Conserving biodiversity for its own sake is only one of many possible goals of matrix management. Another is the production of commodities, such as wood, and services, such as well-regulated flows of high-quality water. Management practices in the matrix will determine whether these goods and services can be sustained, because such practices also influence whether elements of biodiversity critical to long-term sustainability, such as mycorrhizal-forming fungi, are maintained (Perry 1994). Such organisms need to be conserved at functionally effective levels to maintain ecosystem processes (Conner 1988). Hence, conservation of biodiversity in the matrix is fundamental to achieving intrinsic goals (e.g., sustainable production of wood products) and extrinsic goals (e.g., maintenance of regional biodiversity and regulation of stream-flow).
Supporting Populations of Species
The matrix can be managed to support broadly distributed populations of many species (deMaynadier and Hunter 1995) (Figure 1.1). Such populations have a lower risk of extinction through demographic stochasticity (Pimm et al. 1988; McCarthy et al. 1994) and environmental variability (Thomas 1990; Tscharntke 1992) (Figure 1.2). Large populations also have greater levels of genetic variation (e.g., Billington 1991; Madsen et al. 1999b) and are less likely to suffer extinction as a result of genetic stochasticity (Lacy 1987, 1993a; Young et al. 1996) (Figure 1.3). For example, Saccheri et al. (1998) demonstrated that low levels of genetic variation and subsequent inbreeding depression significantly increased the risk of extinction of fragmented populations of the Glanville fritillary butterfly (Melitaea cinixia) in Finland.

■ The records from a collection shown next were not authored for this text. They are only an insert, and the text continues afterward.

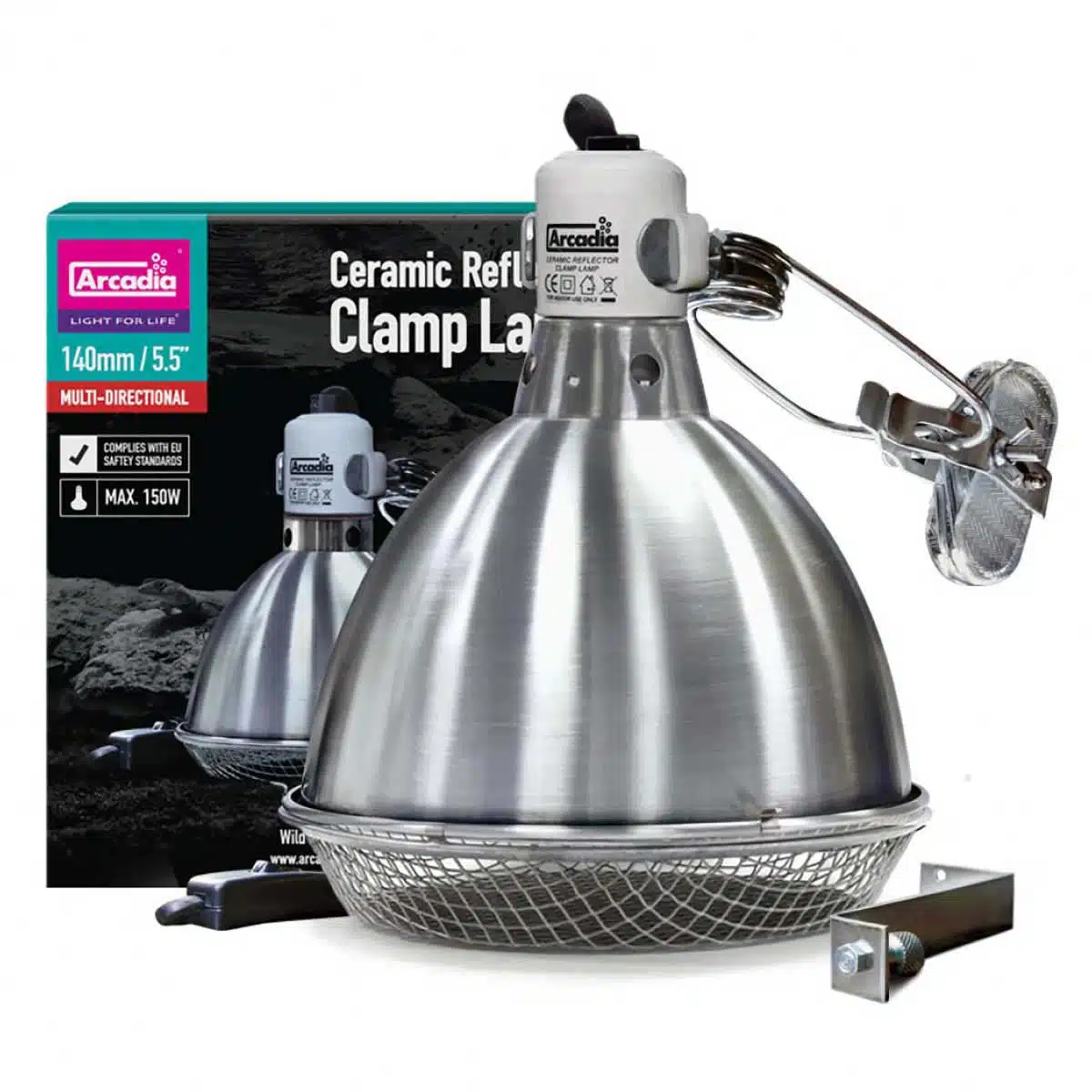 Arcadia Ceramic Clamp Lamp with Ceramic Holder – Stainless Steel – 14cm (5.5”)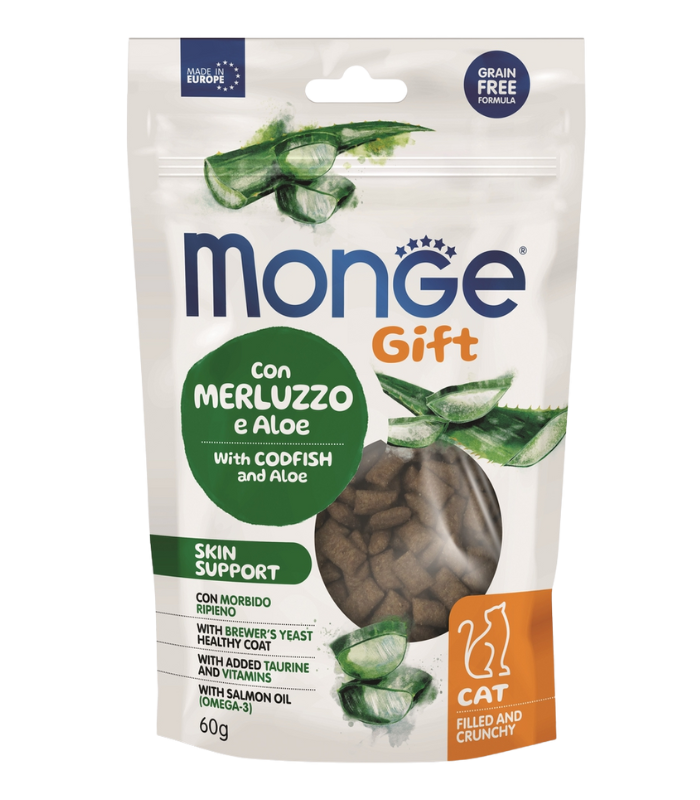 Monge, საკვები დანამატი კატებისთვის, ვირთევზა და ალოე, 60 გრ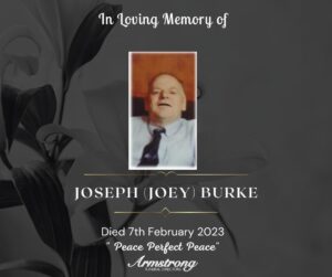 BURKE, JOSEPH (JOEY) Peacefully at Camphill Community House, Clanabogan. Dearly beloved son of the late Bobby and Beck, a devoted brother of

The maintenance of large, well-distributed populations also reduces the risks that an entire population will be extinguished in a single catastrophic event such as a wildfire (Gilpin 1987; McCarthy and Lindenmayer 1999a). In the forests of southeastern Australia, the maintenance of populations of Leadbeater's possum (Gymnobelideus leadbeateri) in many habitat patches is predicted to reduce extinction risks as a result of wildfire (Lindenmayer and Possingham 1995a).
Maintaining populations of species in the matrix can supplement populations in reserves. Species that persist in the matrix will also be those most likely to reside in reserves or remnant patches (Diamond et al. 1987; Laurance 1991a; As 1999; Renjifo 2001). The contribution of matrix populations to the persistence of populations within reserves is illustrated by the bald eagle (Haliaeetus leucocephalus) in Yellowstone National Park. Although Yellowstone is a large reserve (more than 1 million hectares), the long-term persistence of the species within the park is dependent on dispersal by animals from off-reserve populations (Swenson et al. 1986) (Figure 1.4).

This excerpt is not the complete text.